If the problem of induction is to distinguish good from bad inductions, then its metaphysical form—say in what the difference consists—seems insoluble. Nor does there seem to be any general solution to the epistemological form of the problem—find a method for distinguishing good or reliable inductive habits from bad or unreliable habits. But modest efforts to solve special cases of the epistemological problem, some of which are discussed above, have in many cases enjoyed dramatic success.

### 8.4 Why trust induction? The question revisited

We can now return to the general question posed in section 1: Why trust induction more than other methods? Why not consult sacred writings, or “the wisdom of crowds” to explain and predict the movements of the planets, the weather, automotive breakdowns or the evolution of species?

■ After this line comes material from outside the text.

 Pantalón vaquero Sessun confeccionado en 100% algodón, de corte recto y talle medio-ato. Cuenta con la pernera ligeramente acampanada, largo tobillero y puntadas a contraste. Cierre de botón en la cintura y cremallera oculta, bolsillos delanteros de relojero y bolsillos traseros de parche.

#### 8.4.1 The wisdom of crowds

The wisdom of crowds can appear to be an alternative to induction. James Surowiecki argued, in the book of this title (Surowiecki, 2004) with many interesting examples that groups often make better decisions than even informed individuals. It is important to emphasize that the model requires independence of the individual decisions and also a sort of diversity to assure that different sources of information are at work, so it is to be sharply distinguished from judging the mass opinion of a group that shares information and reaches a consensus in discussion. The obvious method suggested by Surowiecki's thesis is to consult polls or predictions markets rather than to experiment or sample on one's own. (See, for example, the link to prediction markets in the Other Internet Resources section of this entry.)

A precise justification for trusting the wisdom of crowds is provided
by the *Condorcet Jury Theorem*. (See section 5.6.2 above) As
the theorem makes evident,the wisdom of crowds is not to be contrasted
with inductive reasoning, indeed it depends upon the inductive
principle expressed in the Condorcet theorem to amalgamate correctly
the individual testimonies as well as upon the diversity of individual
reasonings. What is valuable in the method is the diversity of ways of
forming beliefs. This amounts to a form of the requirement of total
evidence, briefly discussed in section 3.3 above.

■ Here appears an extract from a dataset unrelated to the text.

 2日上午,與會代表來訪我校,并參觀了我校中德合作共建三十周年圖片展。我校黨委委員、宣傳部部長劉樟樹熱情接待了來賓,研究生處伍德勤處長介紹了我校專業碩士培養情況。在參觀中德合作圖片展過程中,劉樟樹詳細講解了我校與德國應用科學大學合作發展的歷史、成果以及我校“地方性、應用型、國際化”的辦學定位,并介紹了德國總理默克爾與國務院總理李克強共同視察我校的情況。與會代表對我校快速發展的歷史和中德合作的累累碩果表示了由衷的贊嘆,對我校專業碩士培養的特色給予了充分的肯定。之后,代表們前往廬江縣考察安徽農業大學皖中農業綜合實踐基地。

The wisdom of crowds can be seen as a primitive prolegomenon to social epistemology. Social epistemology studies methods - stronger and more sophisticated than those supported by the Condorcet theorem - by which groups may conduct inquiry, including scientific inquiry. It pretends not at all to replace induction, but to extend and enrich it. (See Goldman 1999 and the entry on social epistemology.)

As with Reichenbach's account of single-case probabilities, the wisdom of crowds depends essentially upon testimony.

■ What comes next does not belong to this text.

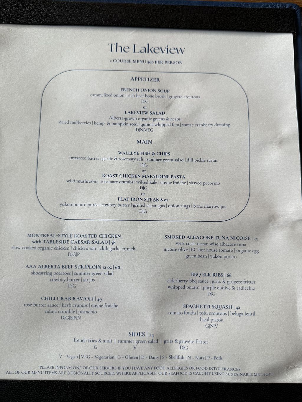 Vegan menu

#### 8.4.2 Creationism and Intelligent Design

The wisdom of crowds thus depends upon good inductive reasoning. The use of sacred writings or other authorities to support judgments about worldly matters is, however, another matter. Christian creationism, a collection of views according to which the biblical myth of creation, primarily as found in the early chapters of the book of Genesis, explains, either in literal detail or in metaphorical language, the origins of life and the universe, is perhaps the most popular alternative to accepted physical theory and the Darwinian account of life forms in terms of natural selection. (See Ruse 2005 and the entry on creationism). Christian creationism, nurtured and propagated for the most part in the United States, contradicts inductively supported scientific theories, and depends not at all upon any recognizable inductive argument. Many of us find it difficult to take the view seriously, but, according to a 2005 poll by CBS news, 51% of Americans hold that God created Humans in their present form; 30% hold that humans evolved but God guided the process and 15% believe that humans evolved and God did not guide the process. (Alfano, 1955)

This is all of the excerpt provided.